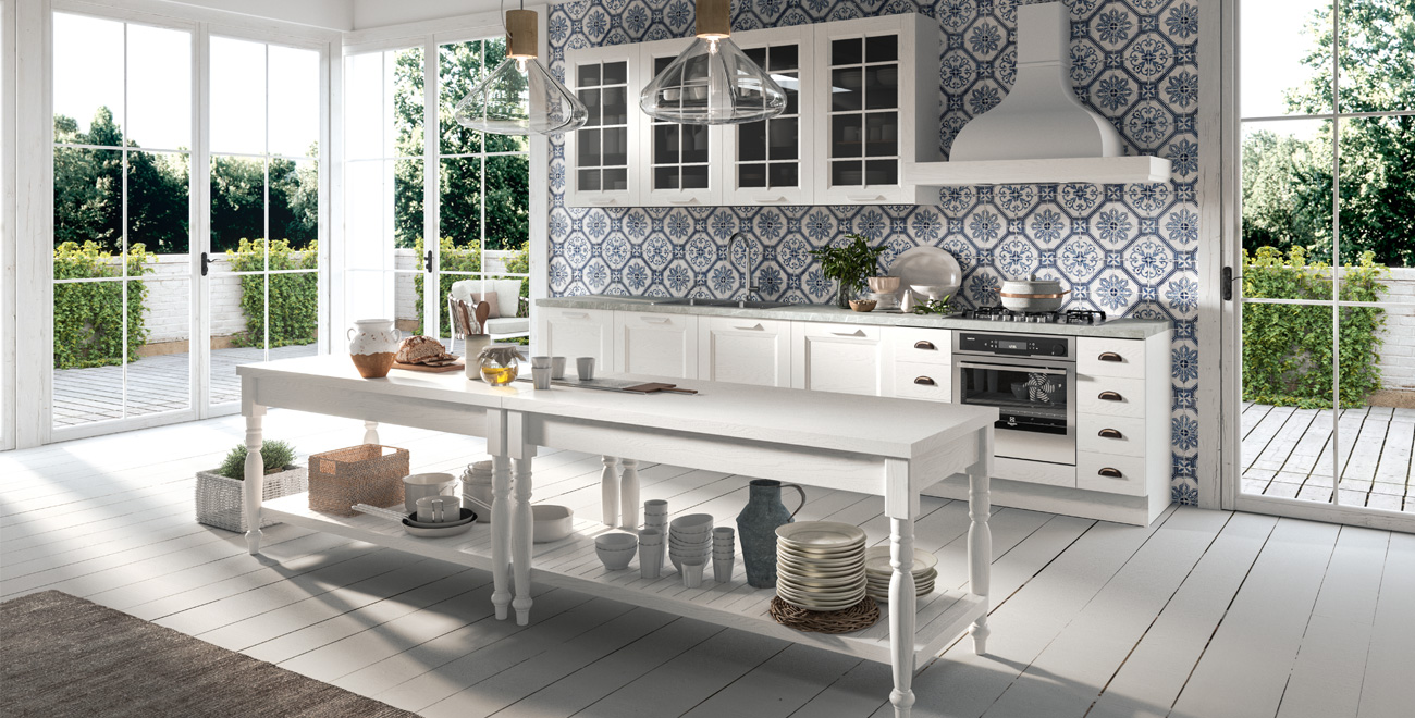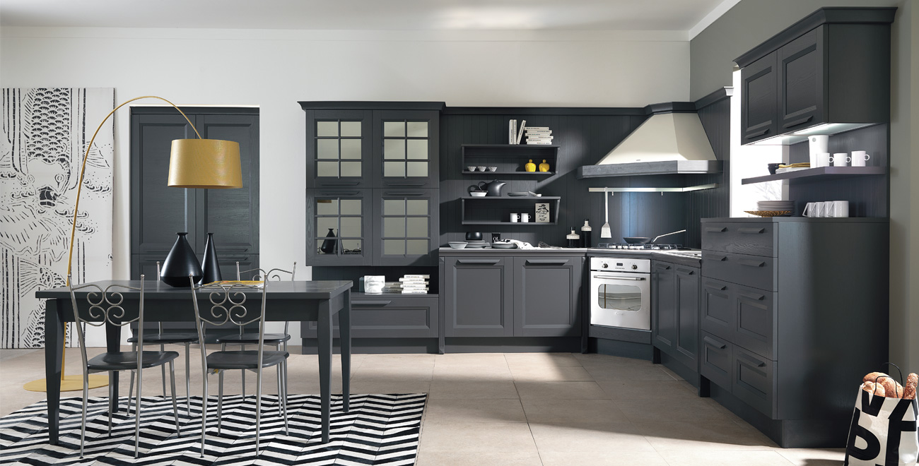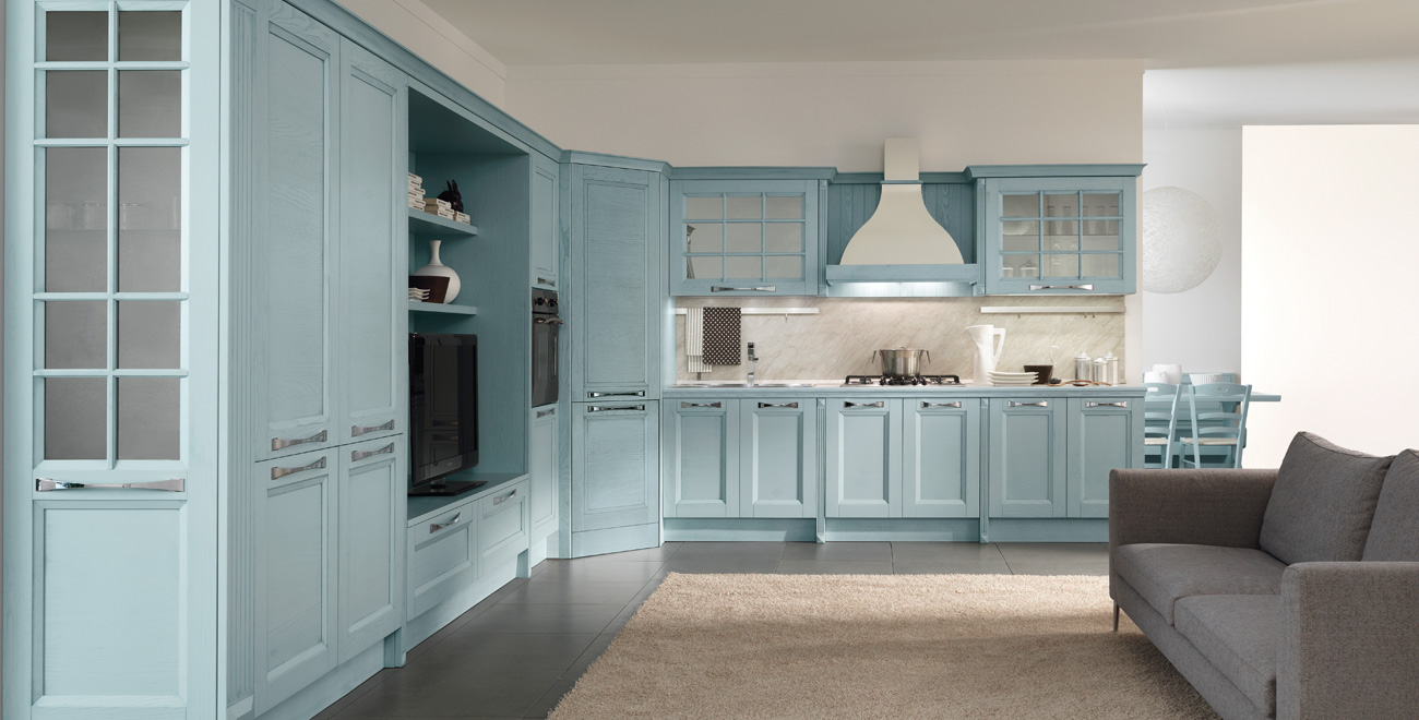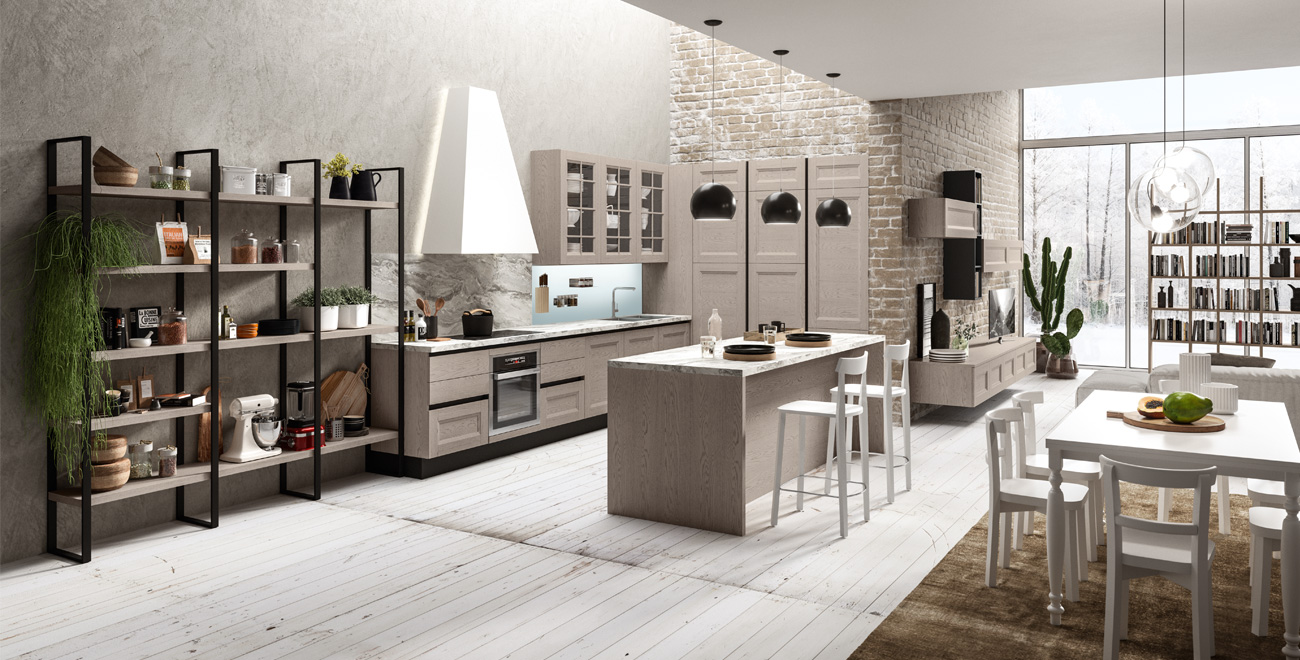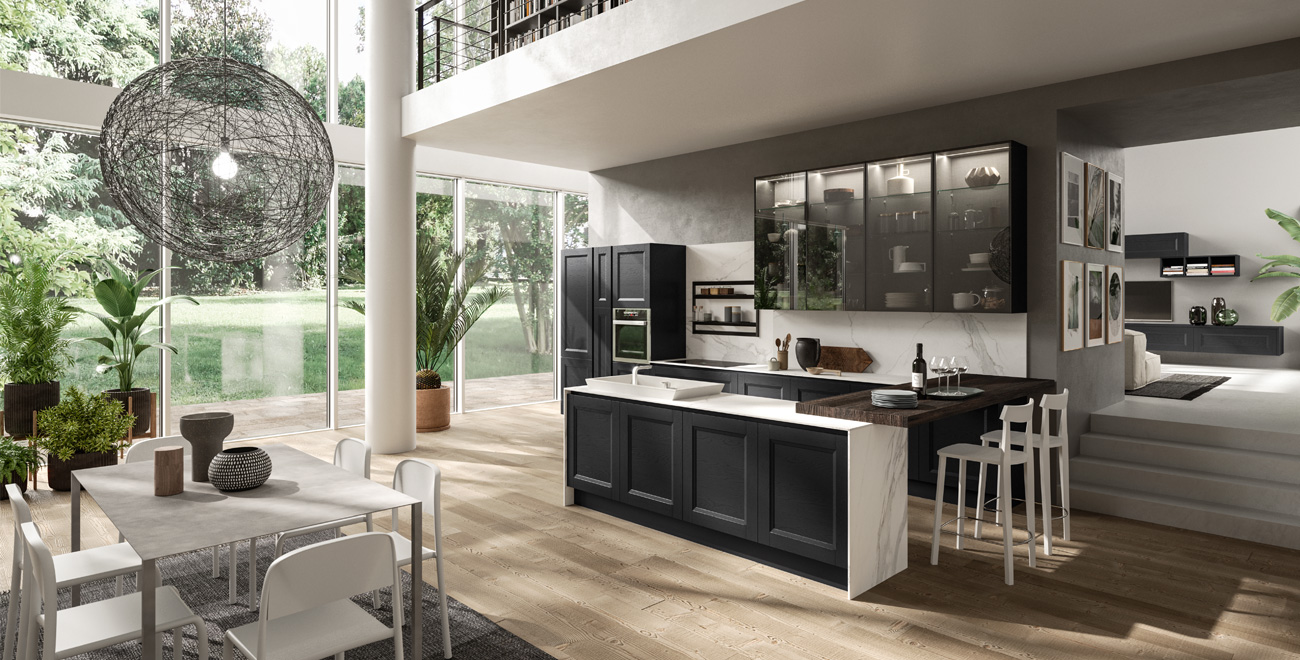 Adele is the model where tradition and modernity blend together until enhancing the kitchen environment with elegance and versatility. It also appeal to those who, though appreciating the essential lines, do not want to sacrifice the elegance of the classical elements, such as the frame. Equipped walls, living, double sided libraries are all the protagonists of an open space with elegant chromatic references that create warm atmospheres for a place which considers conviviality as the heart of the kitchen design.
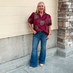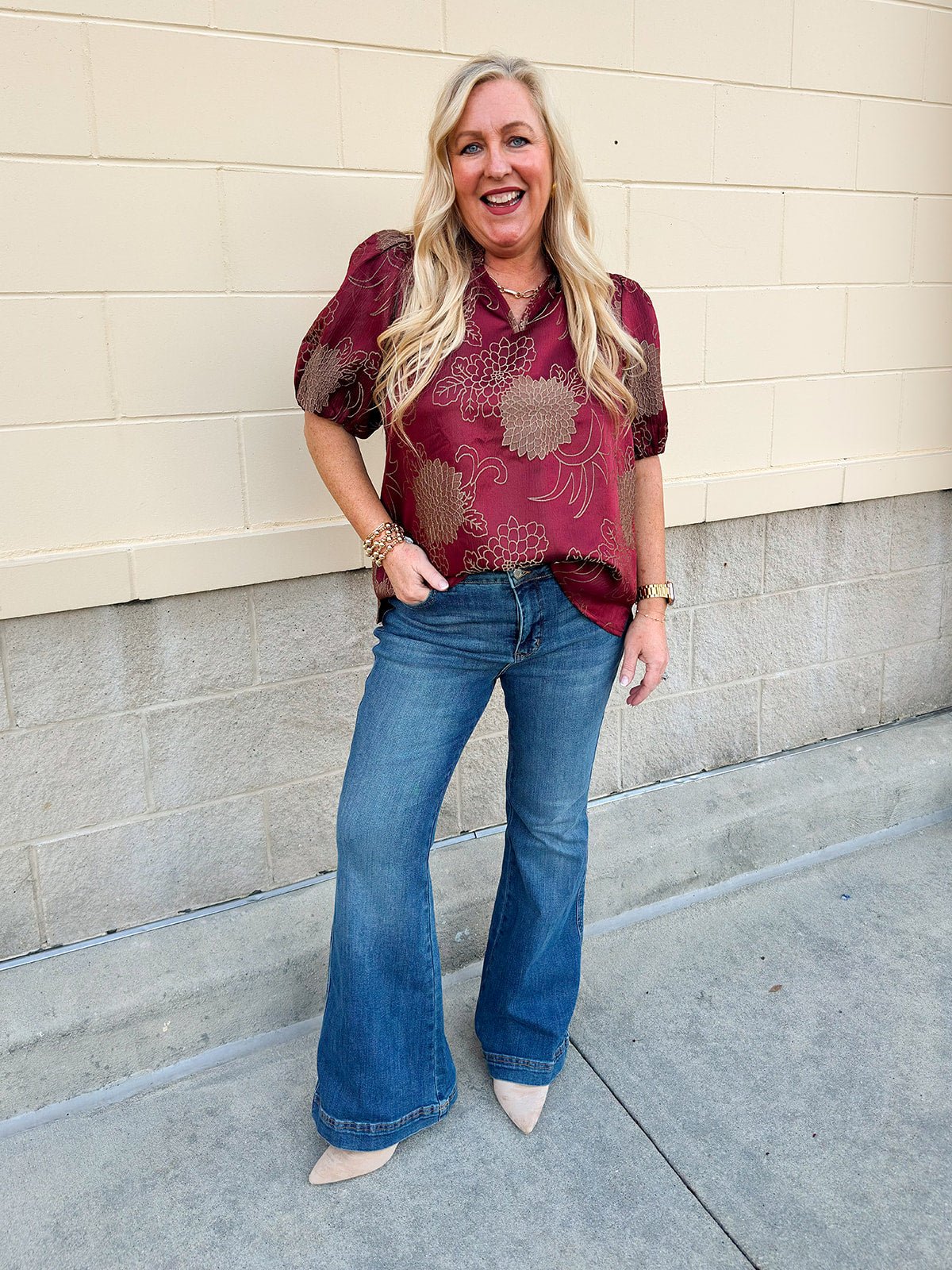 Elevate your everyday wardrobe with the Gilded Wine Puff Sleeve Top, a piece that balances romance and modern style. The rich wine hue serves as the perfect backdrop for subtle gold splotch accents, creating a look that’s both sophisticated and eye-catching. Crafted in a lightweight, breathable fabric, this top offers a soft drape that flatters your silhouette without overwhelming.
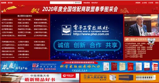 主会场:右上角展示相关人员讲话及平台消息发布。其他板块主要展示重点出版社书目,直接点击出版社名称即可进入选书界面。
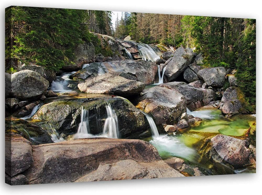Feeby Wandbild Bach Druckbild Leinwandbild Wald Grün 100x70 cm
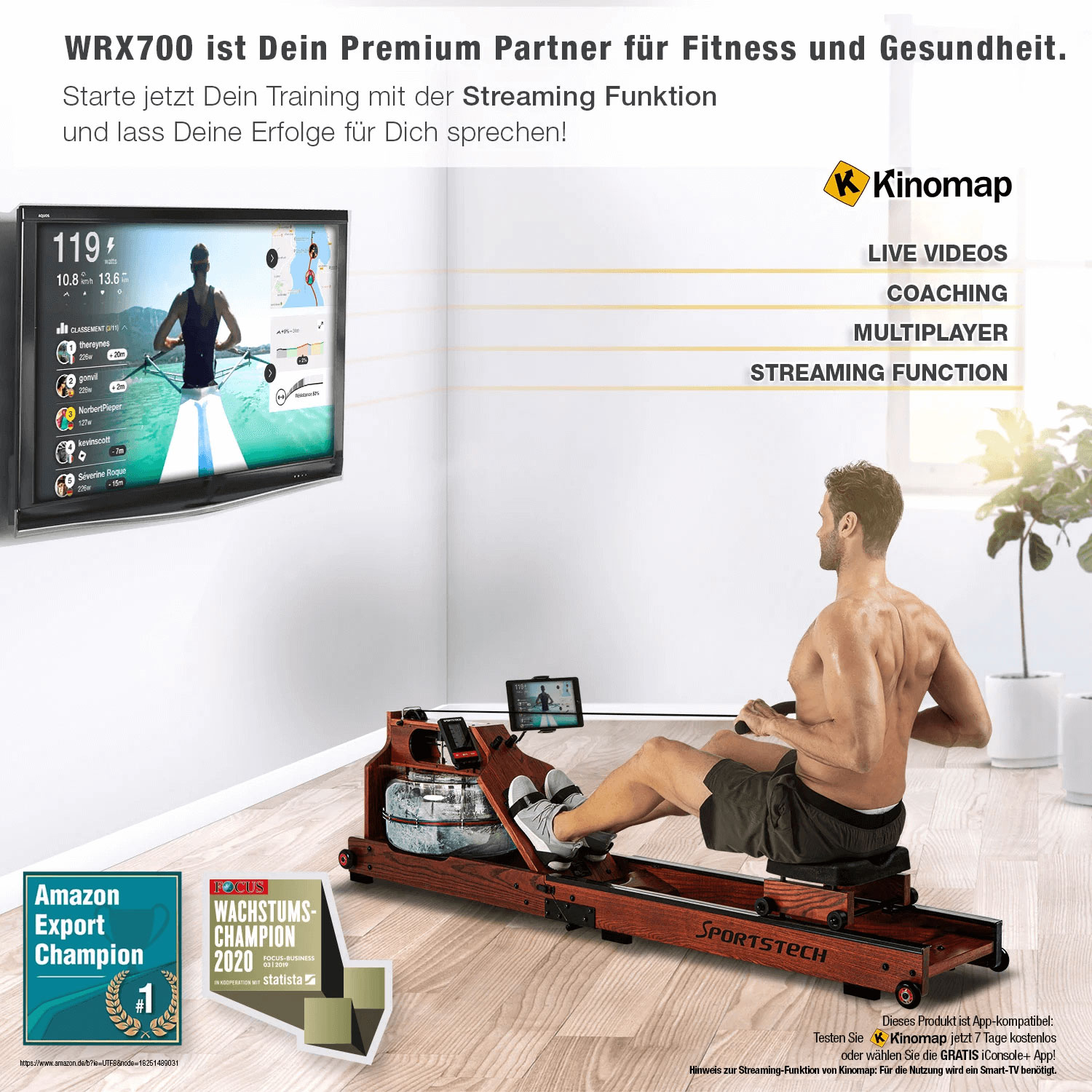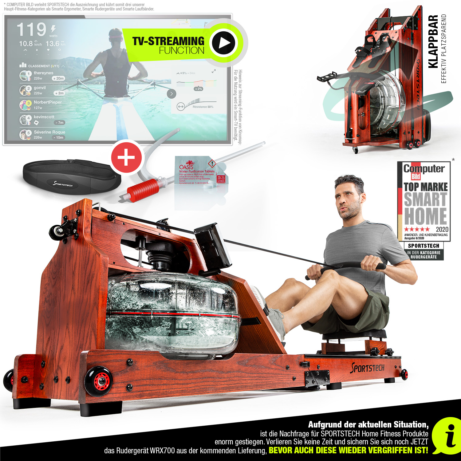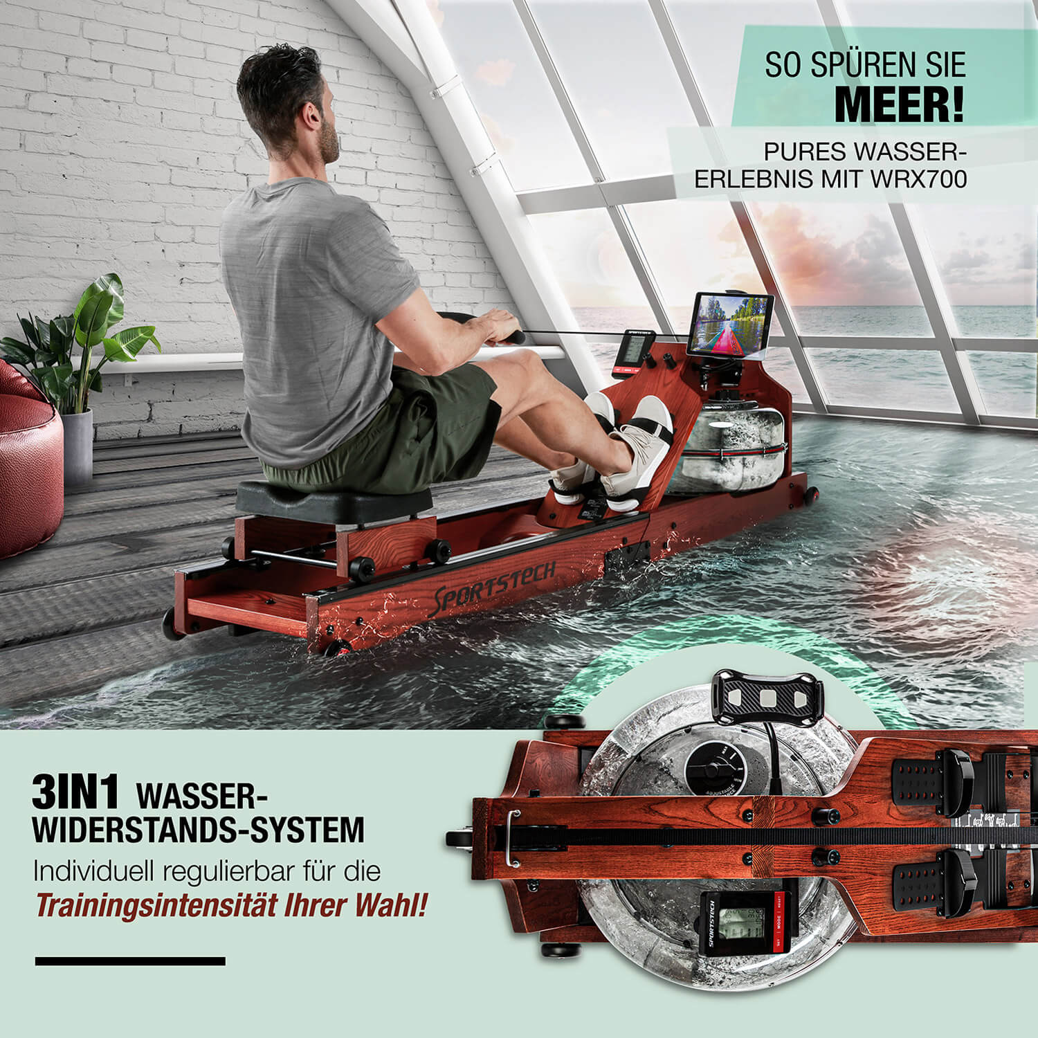 Unsere Rudergeräte mit Wasser stechen durch ihre 14+1 HRC-Programme hervor. Das WRX700 Wasser-Rudergerät punktet zudem mit einer detaillierten LCD-Anzeige. Via Smart-Connect verbindet ihr euer Smart-Device drahtlos mit dem WRX700-Wasser-Rudergerät und behaltet alle Trainingsparameter im Blick.

════

Please repeat the records above word for word, and do not include the pictures.

OUTPUT FOR THIS TASK:
 Adele is the model where tradition and modernity blend together until enhancing the kitchen environment with elegance and versatility. It also appeal to those who, though appreciating the essential lines, do not want to sacrifice the elegance of the classical elements, such as the frame. Equipped walls, living, double sided libraries are all the protagonists of an open space with elegant chromatic references that create warm atmospheres for a place which considers conviviality as the heart of the kitchen design.
 Elevate your everyday wardrobe with the Gilded Wine Puff Sleeve Top, a piece that balances romance and modern style. The rich wine hue serves as the perfect backdrop for subtle gold splotch accents, creating a look that’s both sophisticated and eye-catching. Crafted in a lightweight, breathable fabric, this top offers a soft drape that flatters your silhouette without overwhelming.
 主会场:右上角展示相关人员讲话及平台消息发布。其他板块主要展示重点出版社书目,直接点击出版社名称即可进入选书界面。
Feeby Wandbild Bach Druckbild Leinwandbild Wald Grün 100x70 cm
 Unsere Rudergeräte mit Wasser stechen durch ihre 14+1 HRC-Programme hervor. Das WRX700 Wasser-Rudergerät punktet zudem mit einer detaillierten LCD-Anzeige. Via Smart-Connect verbindet ihr euer Smart-Device drahtlos mit dem WRX700-Wasser-Rudergerät und behaltet alle Trainingsparameter im Blick.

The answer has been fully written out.